I have been doing expansions for what feels like an eternity now. Can someone clarify I’m on the correct path so far with my working. Thanks

Question 9.
F324D137-F2E4-4AC6-9DE4-DA7993BAC494.jpeg

My work.
0A86425E-2F39-4D9F-A22C-98BD9F202DF2.jpeg

So, next would be to expand the brackets and then compare the co-efficient from the given solution in the question to find b?
(edited 1 year ago)
Original post by KingRich
I have been doing expansions for what feels like an eternity now. Can someone clarify I’m on the correct path so far with my working. Thanks

Question 9.
F324D137-F2E4-4AC6-9DE4-DA7993BAC494.jpeg

My work.
0A86425E-2F39-4D9F-A22C-98BD9F202DF2.jpeg

So, next would be to expand the brackets and then compare the co-efficient from the given solution in the question to find b?
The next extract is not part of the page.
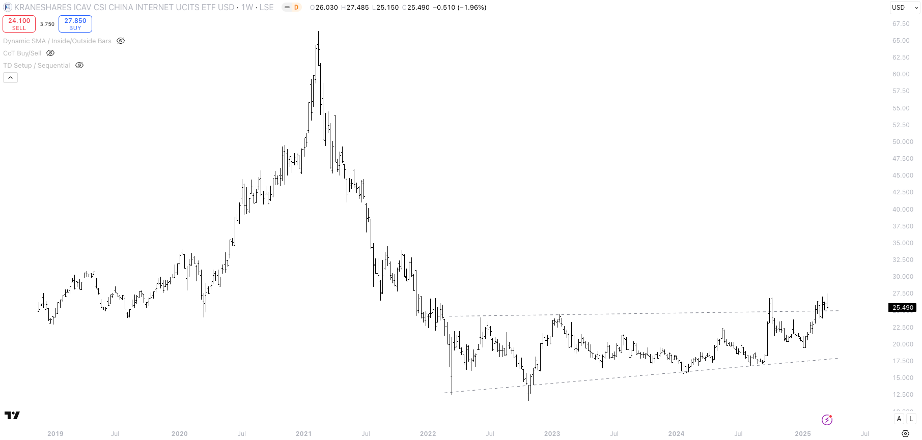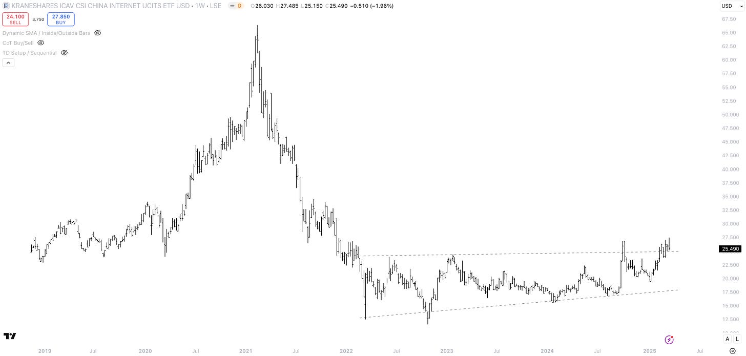 Idea 2 - Long KWEB: Another idea I am currently thinking about is the Chinese tech sector (KWEB). After a one-year brutal bear market in 2021, three years of sideways action, the Chinese tech sector could be poised for a recovery. It feels like investor and economic sentiment around China is slowly improving. On the weekend, I read that some Chinese banks are offering consumer loans at 2.6% with approval times of below 60 seconds. That will certainly boost Chinese consumption, don’t you think?

You have the unknowns n and a as well. Id use the linear and quadratic terms to get them and the cubic term should give you b. Note youll have to expand the (1+ax)^n up to the cubic term.
(edited 1 year ago)
Reply 2
It states up to the first three non-zero terms. Up to the quadratic term should suffice? When you expand with (1-x) the cubic term is found (-x)(x²).

I’m approaching it from the point as there’s no x term in the answer given.
I can equate na-1=0 to find the value of a in terms of n.
Original post by KingRich
I have been doing expansions for what feels like an eternity now. Can someone clarify I’m on the correct path so far with my working. Thanks

Question 9.
F324D137-F2E4-4AC6-9DE4-DA7993BAC494.jpeg

My work.
0A86425E-2F39-4D9F-A22C-98BD9F202DF2.jpeg

So, next would be to expand the brackets and then compare the co-efficient from the given solution in the question to find b?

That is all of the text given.